In the end, I resorted to charity-shop sifting again, and eventually bought two skirts: one straight-sided, charcoal grey, almost-fleecy mostly-cotton Pepe Jeans skirt (£6); and one slightly more full and flowing Laura Ashley skirt, in soft black synthetic material (£5). Both fulfil all my criteria of sensibleness, leg-covering, and washability (though whether I can cycle in them remains to be seen). The only point where they fall down is the regrettable absence of pockets; but having moved from trousers to skirts, perhaps the next logical step is (whisper it!) a handbag. That should be easy enough, though: I just want something black and sensible...
no subject
Date: 2004-01-06 02:37 am (UTC)Er. Confused now.
I find that women's jeans gape at the waist, if they fit the hips, whereas men's trousers of any sort allow for a waist-hip difference. [my emphasis]
Isn't that the opposite? I'm really confused now. But she says men's trousers allow for the waist-hip difference, and I say that men's trousers don't seem to fit me on both the waist and the hips at once. Isn't that two different things?
Though having said that, men's trousers are generally designed to take a belt, so it's easier to draw them tighter around the waist.

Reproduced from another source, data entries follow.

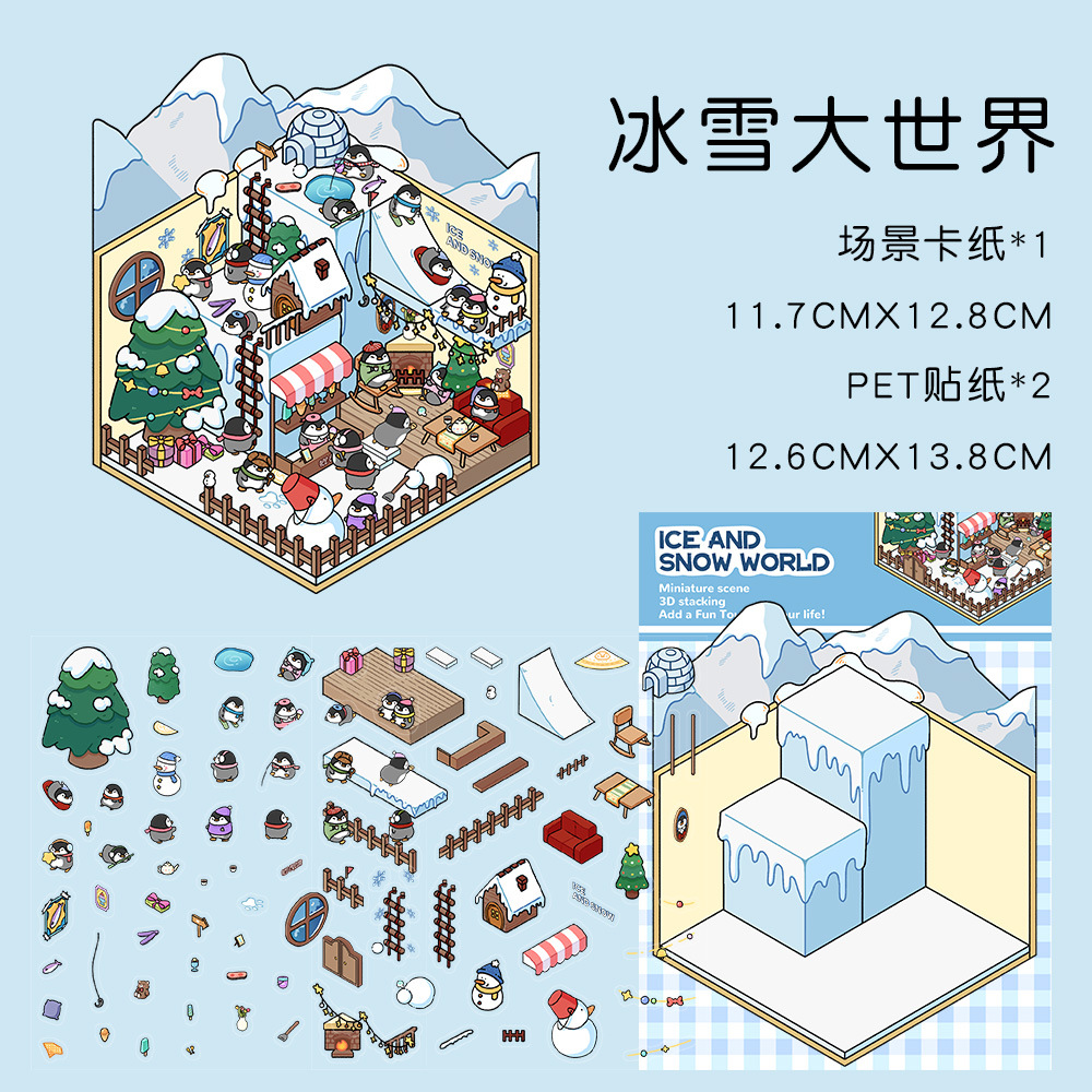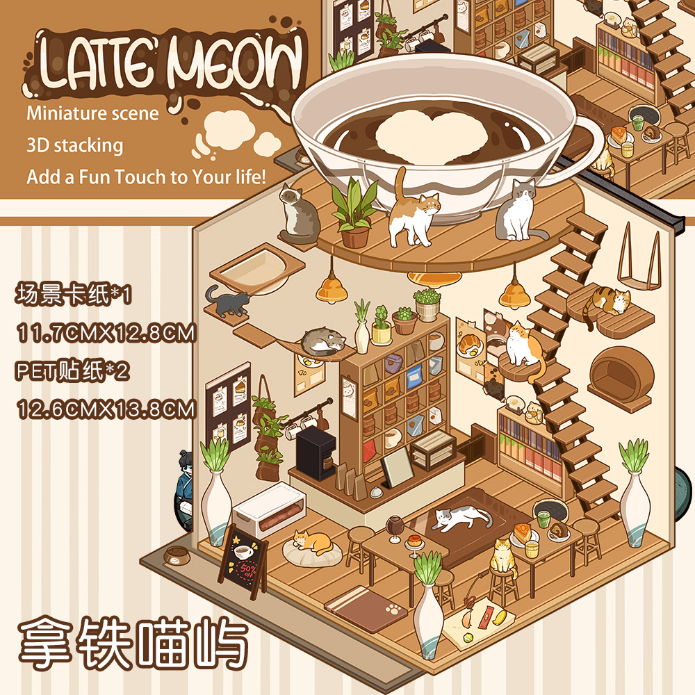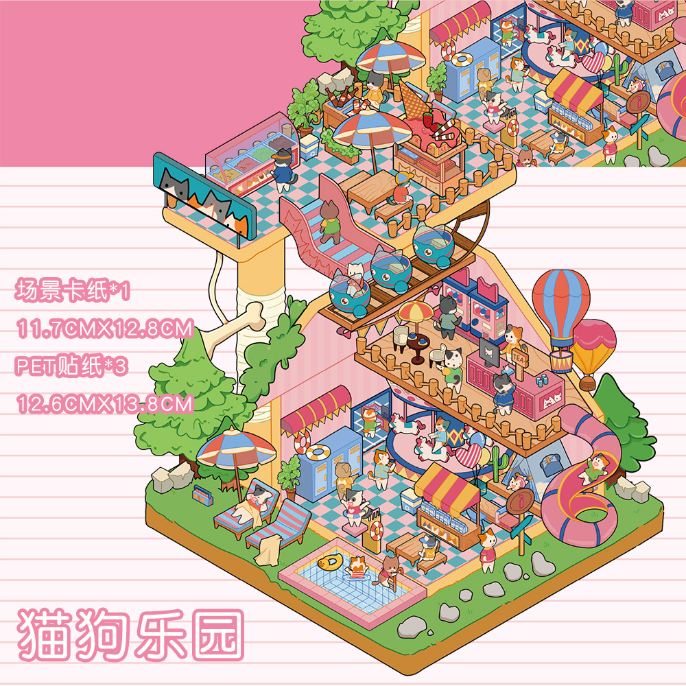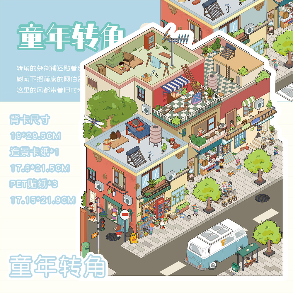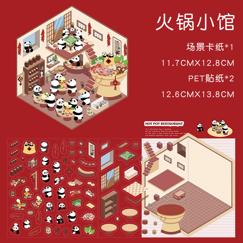 같은 새로운 미니어처 장면 조경 스티커와 함께 작은 빨간 책 컷 프리 조경 장면 3D 스택 3 차원 오두막 손 계정스토어 가기
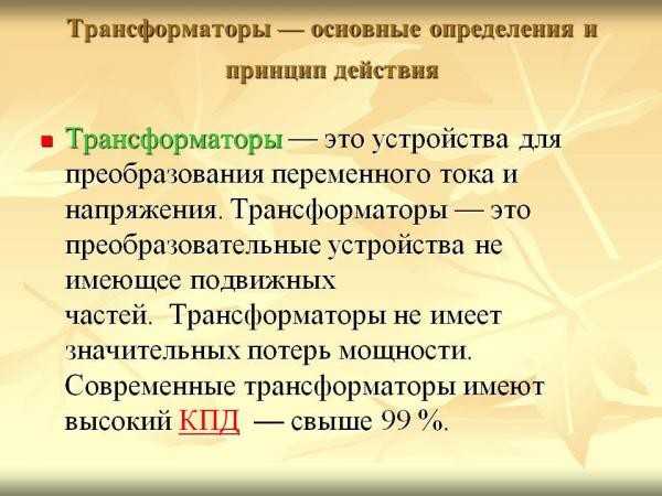 Трансформаторы, виды трансформаторов и их описание
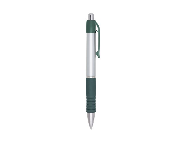 Caneta plástica com detalhe emborrachado, carga esferográfica azul 1.0 mm e acionamento por clique.

it's supposed to be healthier (for some reason) if you put your weight on your bum instead of your belly
Personally I'd be very sceptical of that "supposed to be healthier" without hearing a good reason for it.
no subject
Date: 2004-01-06 03:09 am (UTC)http://www.weight-loss-i.com/body-shape.htm is the only place I've found that mentions any specific studies on body fat distribution, although it doesn't provide proper citations. Apparently storing fat in the abdomen rather than the hips correlates with a greater risk of diabetes, heart disease, high blood pressure and strokes. And I certainly have a moderately high blood pressure.
It seems many places recommend a waist:hip ratio of 0.8 or less in women (0.95 or less in men). And I'm currently at 0.84.